*About this task*
A faithful transcription is wanted of the lines from the top of the material through the line that holds "Half black, half", both ends included, leaving out the pictures.

Data excerpt Start Marker

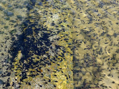 Gegen später gehn wir noch kurz in den Wald und dann schauen wir uns das Schwimmbad an. Der gesamte Uferbereich des Sees ist schwarz vor lauter Kaulquappen.
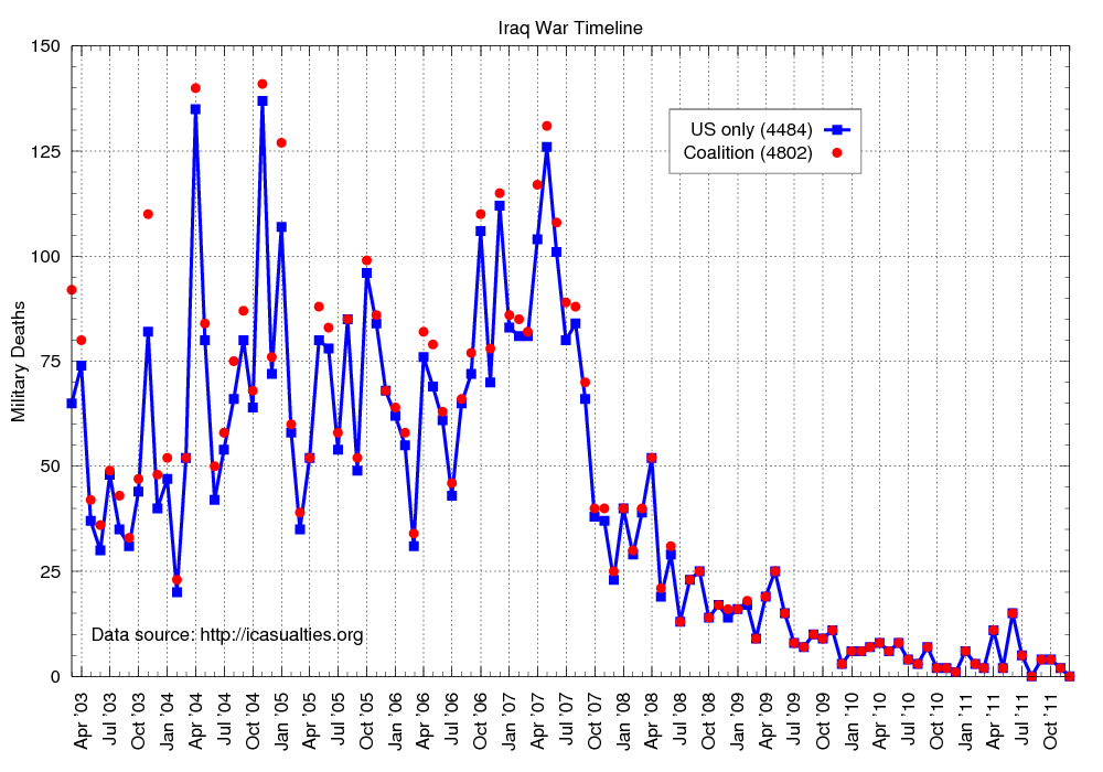 So I guess we really are done in Iraq. Nearly 4,500 US military lives lost, over 300 more from our coalition partners. And to what end? We invaded a country that had not attacked us and deposed a leader who was no threat to us or our allies. We made ourselves look foolish, dishonest, and belligerent to the rest of the world—more foolish, more dishonest, and more belligerent, if you want to be cynical about it.
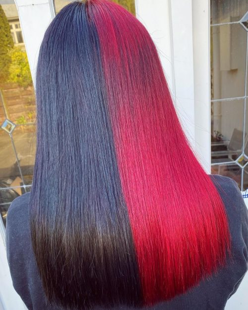 Half black, half cherry red long locks offer a vibrant and daring approach to personal style. To achieve this striking look, your hair needs to be receptive to red tones and have the capacity for color lifting. Consult your stylist to determine if a half-and-half shade is suitable for you.
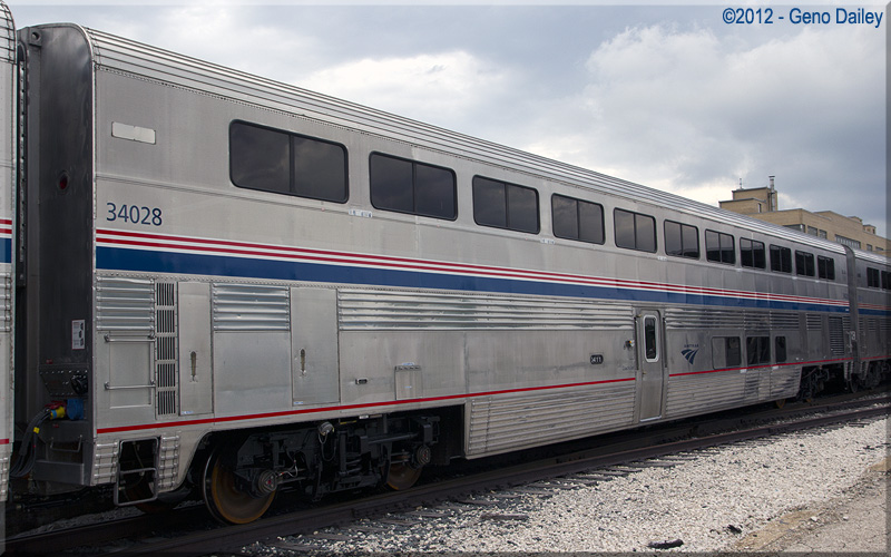 Your typical coach on today's long-distance trains that carry Superliners. These cars also pinch-hit on some Amtrak California Pacific Surfliner and Capitol Corridor/San Joaquins Trains and also work on some short-distance midwestern routes. A coach seat in one of these cars is about as big as a first-class seat on a plane with a much bigger window and lots more room to stretch out and relax! |

Data excerpt End Marker

*Written solution*
 Gegen später gehn wir noch kurz in den Wald und dann schauen wir uns das Schwimmbad an. Der gesamte Uferbereich des Sees ist schwarz vor lauter Kaulquappen.
 So I guess we really are done in Iraq. Nearly 4,500 US military lives lost, over 300 more from our coalition partners. And to what end? We invaded a country that had not attacked us and deposed a leader who was no threat to us or our allies. We made ourselves look foolish, dishonest, and belligerent to the rest of the world—more foolish, more dishonest, and more belligerent, if you want to be cynical about it.
 Half black, half cherry red long locks offer a vibrant and daring approach to personal style. To achieve this striking look, your hair needs to be receptive to red tones and have the capacity for color lifting. Consult your stylist to determine if a half-and-half shade is suitable for you.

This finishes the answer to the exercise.